Harvest timing also follows a hard regional deadline. “We have to get our fruit off the trees by about the first of December,” Etters said. “That’s about the time when we see our first freeze events here. If we still have fruit on the trees and we get down to 26 or 27 degrees Fahrenheit (about ‑3 ºC), the fruit will freeze. Then you can’t produce high-quality extra virgin olive oil from that fruit.”
Etters said climate volatility in California has intensified over the past decade, especially in annual precipitation. “It seems like it’s either really, really wet or really, really dry,” he said. “There is no more normal.”
Still, he argued that olives offer resilience that many traditional California crops do not. “As a grower of almonds and walnuts and tomatoes, those can’t survive without water. Olives can,” Etters said. “They may not produce much yield in a drought, but the trees aren’t going to die.”
In a region where groundwater regulation is tightening and surface water access is under increasing scrutiny, he said olives provide comparative stability.
Over the past decade, Séka Hills has invested in irrigation infrastructure to maximize surface water use. “We’ve put more irrigation infrastructure in place to utilize more surface water as opposed to groundwater,” Etters said. “Having Cache Creek in our backyard is a great source of surface water. We’re working to maximize that across the tribe’s lands.”
He added that results depend on precision rather than maximum irrigation, with careful scheduling tied to orchard needs and seasonal conditions.
Etters said part of mitigating uncertainty is to strengthen biodiversity and maintain the land. Measures include water conservation, minimal pesticide use, native-plant hedgerows, protection of riparian corridors, and removal of invasive weeds — steps that align with the estate’s broader sustainability goals.
“The tribe has been here in this valley for over 5,000 years,” Etters said. “They take sustainability and their culture into consideration in every decision they make on the farm and ranch.
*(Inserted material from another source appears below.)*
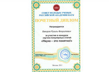 Бакиров Рузиль Флоритович (учитель математики и информатики) награжден Почетной грамотой за участие в конкурсе научно-популярных статей "Наука - это понятно!"

They want to protect and preserve the land not just for their community, but for their neighbors as well.”
While the operation is not actively looking to expand olive acreage, Etters said the farm may evaluate opportunities created by the contraction of California’s wine sector. “With the current state of the wine grape industry, the amount of vineyards being removed here, I think there’s going to be a large amount of acreage planted into olives over the next five to ten years,” he predicted.
He added that competition in California’s olive oil sector is increasing, even as growers remain collaborative. “We’re still a pretty small community of growers and processors,” Etters said. “We still help each other out.”
For Etters, the estate’s identity remains inseparable from the land and the tribe’s long history in the valley. “Having the chance to walk through the groves with the tribal citizens and take a break under a 300-year-old oak tree, you feel that very special connection,” he said.